すると、オレの後ろにいたリリアが前にでてきては拳を握りしめながら声をあげた。
「し、シーナさん……! その、セツさんは、とっても迷惑しているんです! だから、勝手な行動は控えたほうがいいと思います!」
勇気を振り絞ったリリアに対して、シーナは初めて存在に気づいたかのように彼女の顔を見て、細い目をすっと細める。
「誰だっけ、あなた……?」
「ひっ……!」
それだけで、リリアは顔面蒼白。
恐怖のフラッシュバックに襲われたようで、即座にオレの背中に回って隠れる。ここからでも身体が小刻みに震えているのがわかる。
「もう忘れたのかよ。以前、シーナの講習会の相手をした子だよ。あのとき、お前が――」
オレが最後まで言葉を継ぐ前に、シーナは無邪気な笑みを浮かべた。
「ああ、思い出した。あのときわたしが講習会でめちゃくちゃにした子ね。またわたしにボコられに来たの? いいわよ、そういう歯向かってくれる子、わたし大好き!」
「こ、こわい……っ」
リリアは悲鳴をあげて、より一層オレの背中に縮こまる。その上、しがみつくようにオレの背中の服を掴んではブルブルと震えていた。
「おい、シーナ。そんな物騒なこと言うな。かわいそうだろ?」
「むぅ、なんでダーリンはその子ばっかりかばうの? わたしという妻がいるのに」
「いったいいつお前が妻になったんだよ」
シーナの嫉妬丸出しの目つきに、こっちがうんざりしそうになるが、これだけ怖がっているリリアを守らないわけにもいかない。

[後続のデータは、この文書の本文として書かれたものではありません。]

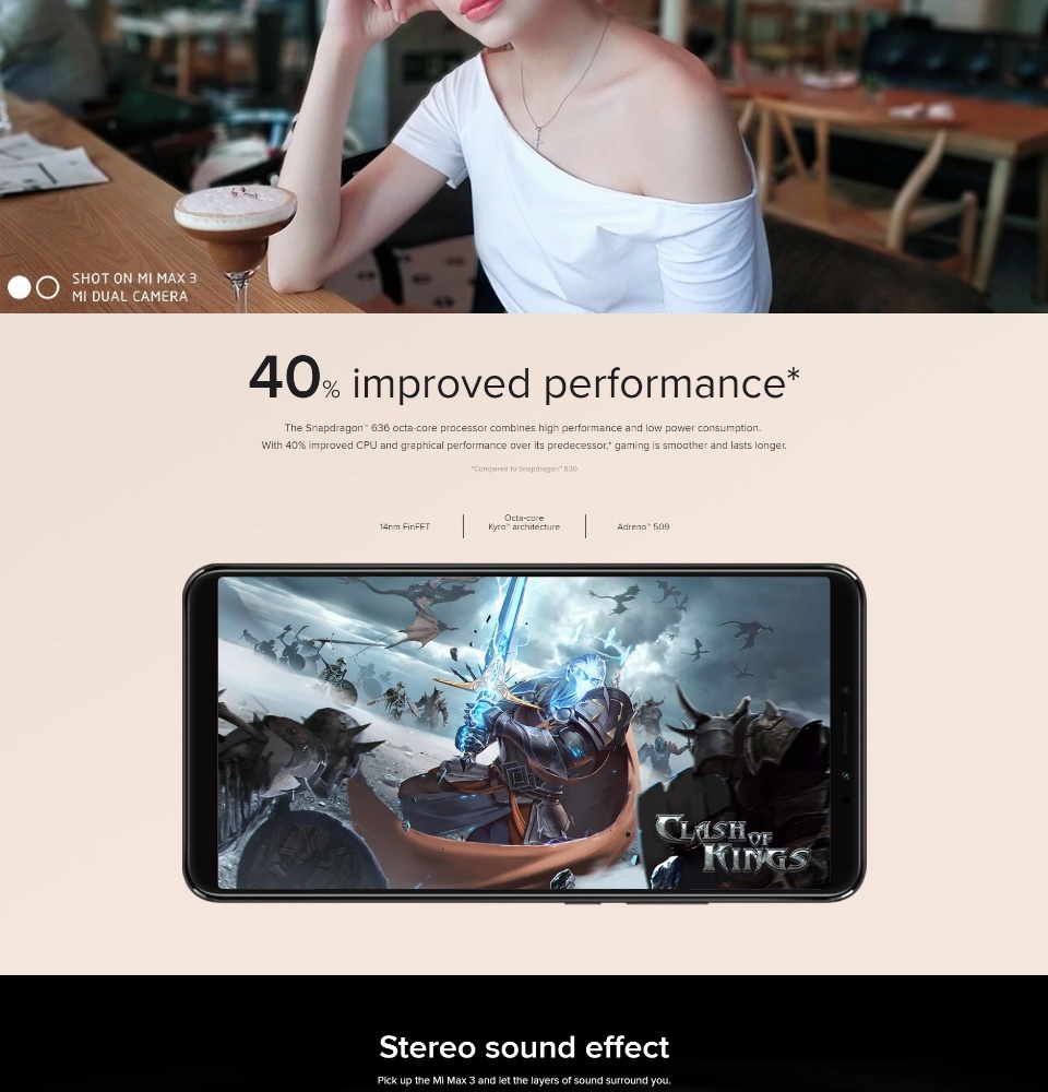 小米Max 3//64GB ROM 4GB RAM/6.9英寸/5500mAh电池/AI面部解锁/出口套装(SG保修)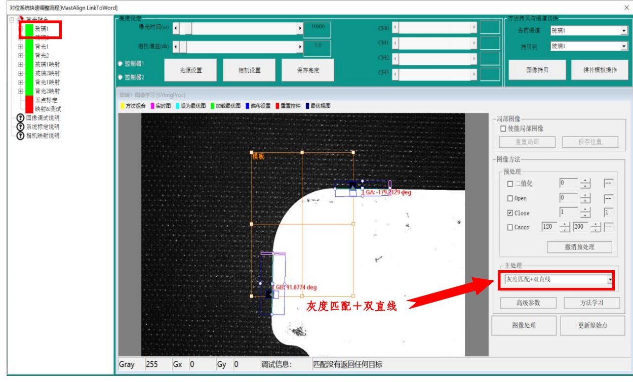 1:調(diào)試流程樹狀圖,調(diào)試哪個(gè)通道就點(diǎn)擊對(duì)應(yīng)的名稱,然后相機(jī)參數(shù)、光源亮度和模板學(xué)習(xí)都是針對(duì)當(dāng)前選中的通道進(jìn)行的。

まさか講習会でのトラウマがここまで深刻だとは思わなかったが。
「……まあいいわ、わたしは嫉妬するような器量の狭い女じゃないから。それで、その子はなにしにきたの?」
「さっきまで一緒に山菜採りしていたからさ、山菜を使ったてんぷらでもごちしてやろうかと思ったんだよ」
「いいわね、天ぷら! わたしも食べる!」
少しは遠慮しろよ、と思うがいつものことなのでツッコむ気すら起きない。
とりあえず「今夜のごはんは山菜の天ぷら」という目的ができたわけだし、さっさと始めてしまうか。